Banyak bangsa yang berbeda dipersatukan oleh Kekaisaran Romawi, dan ini memungkinkan kekristenan untuk menembus ke semua sudutnya yang jauh. Namun, perbedaan tingkat budaya, cara hidup orang-orang yang berbeda di negara menyebabkan interpretasi yang berbeda dari tempat-tempat yang saling bertentangan dalam doktrin Kristen, yang menjadi dasar munculnya bid'ah di antara orang-orang yang baru bertobat. Dan disintegrasi Kekaisaran Romawi menjadi sejumlah negara dengan sistem sosio-politik yang berbeda meningkatkan kontradiksi dalam teologi dan politik kultus ke tingkat yang tidak dapat didamaikan.

Pertobatan massa besar orang-orang kafir kemarin secara tajam menurunkan tingkat Gereja, berkontribusi pada munculnya gerakan sesat massal. Campur tangan dalam urusan Gereja, kaisar sering menjadi pelindung dan bahkan penggagas ajaran sesat (misalnya, Monotelisme dan Ikonoklasme biasanya merupakan ajaran sesat kekaisaran). Proses mengatasi bidat terjadi melalui pembentukan dan pengungkapan dogma di tujuh Konsili Ekumenis.


Ancaman perpecahan, yang dalam terjemahan dari bahasa Yunani berarti “perpecahan, perpecahan, perselisihan”, menjadi nyata bagi Kekristenan pada pertengahan abad ke-9. Biasanya, alasan perpecahan dicari di bidang ekonomi, politik, dalam simpati dan antipati pribadi para paus dan patriark Konstantinopel.
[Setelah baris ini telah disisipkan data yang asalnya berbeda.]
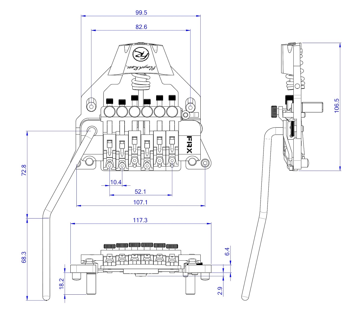 Floyd Rose propose un tremolo à installer facilement sur son modèle type Les Paul, SG ou Flying V. Il suffit juste de prendre appui sur les rivets déjà existants et d'installer le système. Inutile de percer !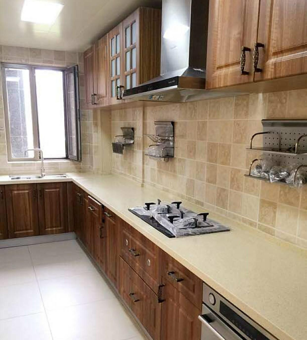 的厨房定制了“l”形橱柜,可以充分利用整个厨房空间。水槽远离煤气炉,中间位置可作为切割区,形成“洗、切、炸”的顺序。此外,洗碗机已经安装,这使得它更方便使用和减少家务劳动。安装了石英台面,非常耐脏。一些架子安装在墙上,可以很容易地容纳小物品,防止厨房物品随意摆放。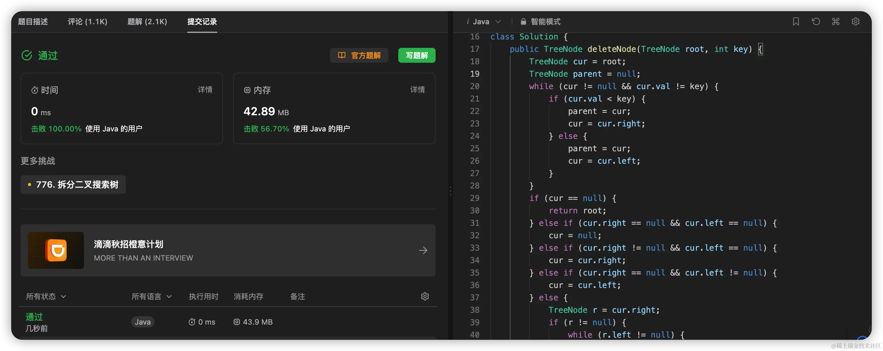 给定一个二叉搜索树的根节点 root 和一个值 key,删除二叉搜索树中的 key 对应的节点,并保证二叉搜索树的性质不变。返回二叉搜索树(有可能被更新)的根节点的引用。
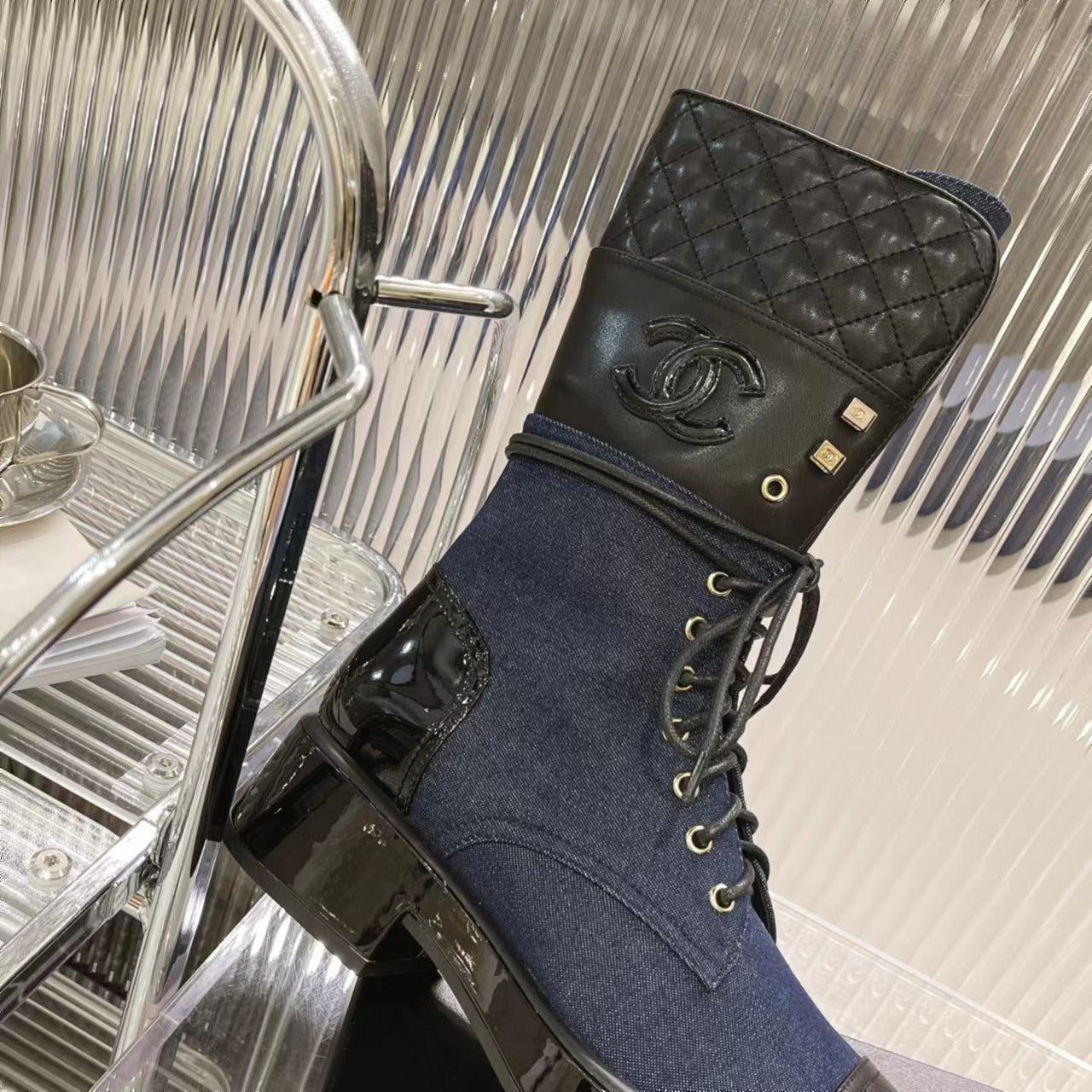 CC High Boots 45mm Dark Blue Denim Fabric And Quilted Cowhide

Para peneliti memandang kekhasan doktrin, kultus, gaya hidup orang-orang percaya dalam Kekristenan Barat dan Timur sebagai sesuatu yang sekunder, tidak penting, mencegah mereka menjelaskan alasan sebenarnya yang, menurut pendapat mereka, terletak pada ekonomi dan politik, dalam hal apa pun kecuali kekhususan agama dari apa yang terjadi. Dan dengan catatan seperti itu, gereja mendekati perpecahan utamanya.
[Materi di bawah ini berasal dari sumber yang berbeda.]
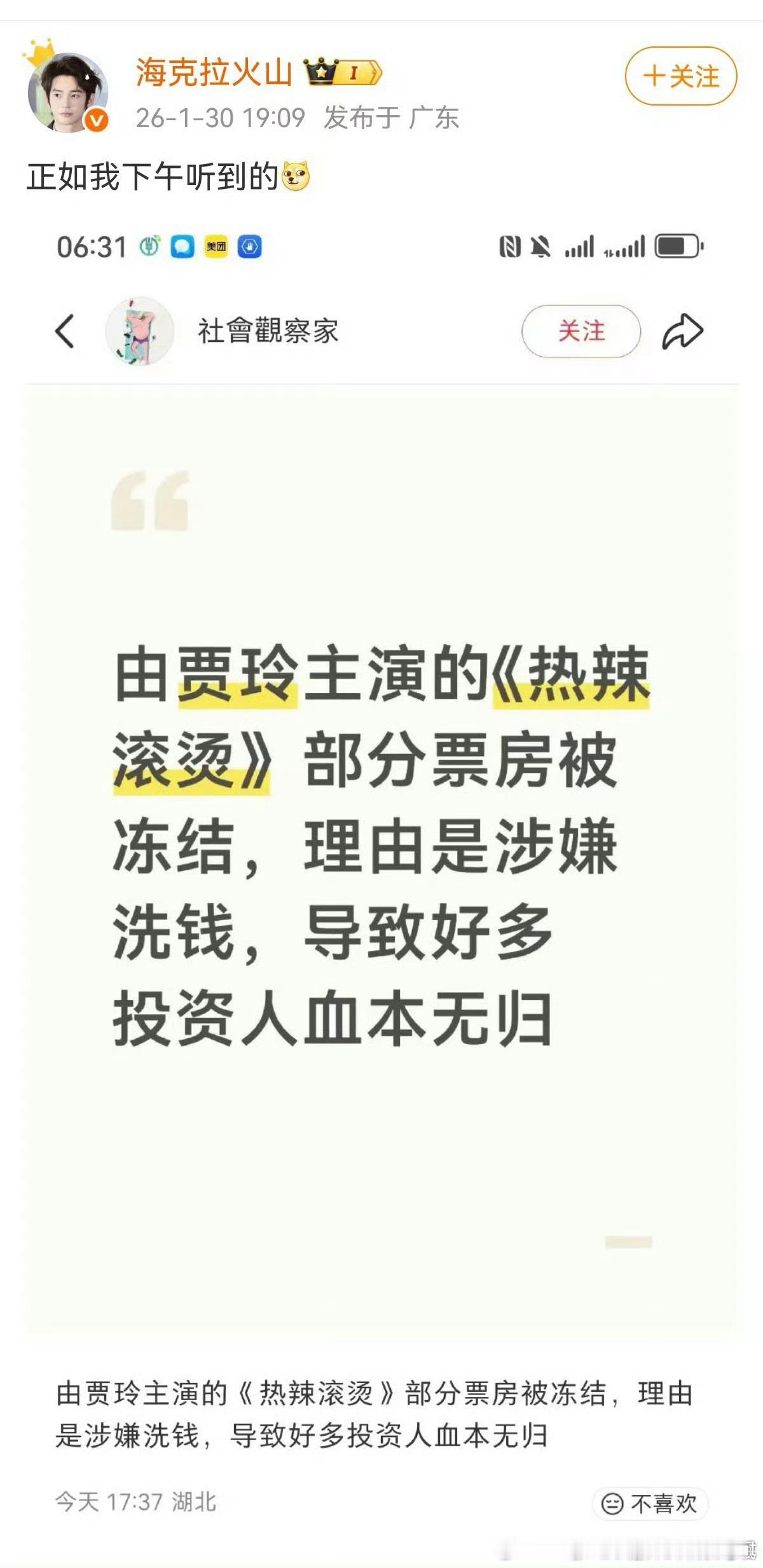 然后就有其他网友在视频评论区爆料说,《热辣滚烫》部分票房资金被冻结了,涉嫌xq,还说圈内人都知道……这个tz人还说,现在出品公司又在卖新电影的出品份额,其中包括春节档新电影陈丽君李连杰谢霆锋等人主演的《镖人》……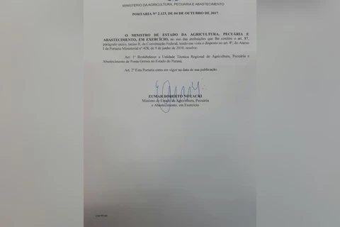 A portaria foi assinada pelo ministro da Agricultura em exercício, Eumar Roberto Novacki, que atendeu pedido do parlamentar para que nenhum dos dois escritórios fossem fechados diante da política de contenção de gastos. “Levamos à equipe do Ministério a importância que as UTRAs, tanto de Ponta Grossa, como de Castro, têm para a região dos Campos Gerais, e nesta quarta-feira vemos o ministro em exercício garantir o funcionamento de ambas, que é muito importante para o nosso setor agropecuário”, declara Sandro.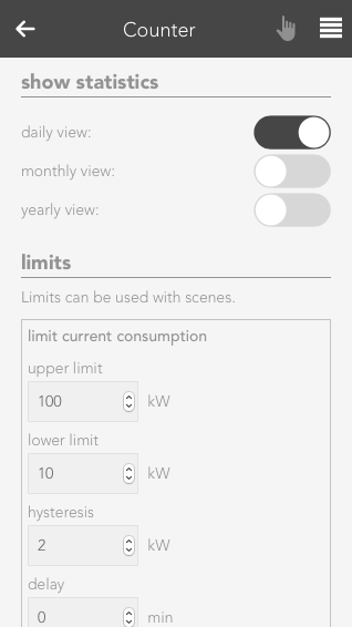 The wind alarm settings let you define a wind speed above which an alarm is triggered. You can also define hysteresis so that the wind alarm does not trigger and end continuously should the wind speed oscillate around the alarm value. If you want that the wind alarm is active only after a certain time, then you need to enter a delay. This means that this time must be longer than the time set for “wind speed alarm”, so that a wind alarm is triggered.
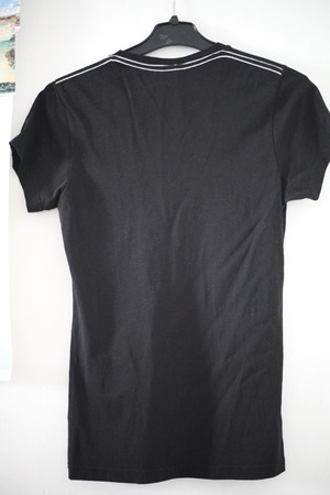 маркировка L - идеально на 46, на 48 с небольшой грудью. можно так же на 44 пробовать, если любите свободное. я не ожидала, что на спине будет такая роспись, мне поскромнее надо. вещь с этикеткой, на фото не видно: буквы сзади выложены металлическим бисером, есть запасные бусины.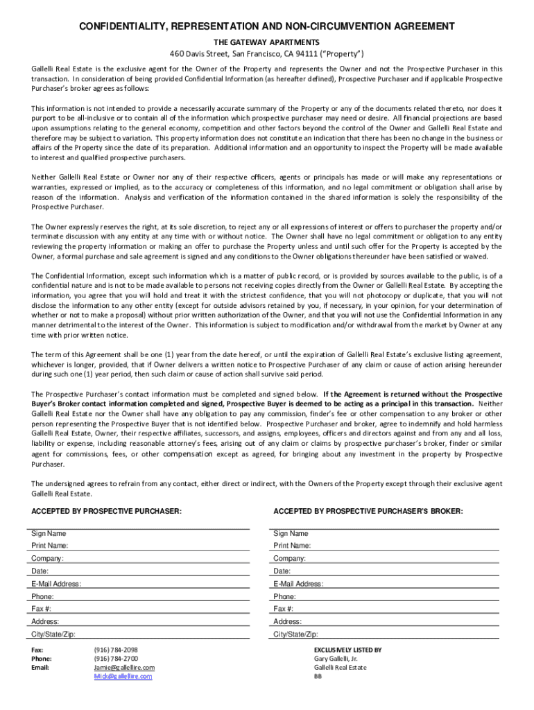 CONFIDENTIALITY, REPRESENTATION AND CIRCUMVENTION AGREEMENT THE GATEWAY APARTMENTS 460 Davis Street, San Francisco, CA 94111 (Property) Malleoli Real Estate is the exclusive agent for the Owner of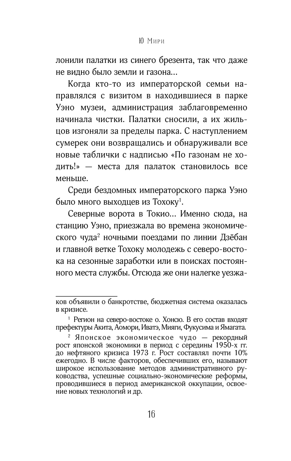 Здесь началась жизнь Кадзу в Токио в качестве чернорабочего в преддверии Олимпийских игр 1964 года, и здесь же он, шокированный цунами 2011 года и разгневанный объявлением Олимпийских игр 2020 года, закончил свои дни, живя в палатке в деревне для бездомных.

Salah satu divisi terbesar Kekristenan adalah munculnya dua arah utama - Ortodoksi dan Katolik. Perpecahan ini telah terjadi selama beberapa abad. Itu ditentukan oleh kekhasan perkembangan hubungan feodal di bagian timur dan barat Kekaisaran Romawi dan perjuangan kompetitif di antara mereka.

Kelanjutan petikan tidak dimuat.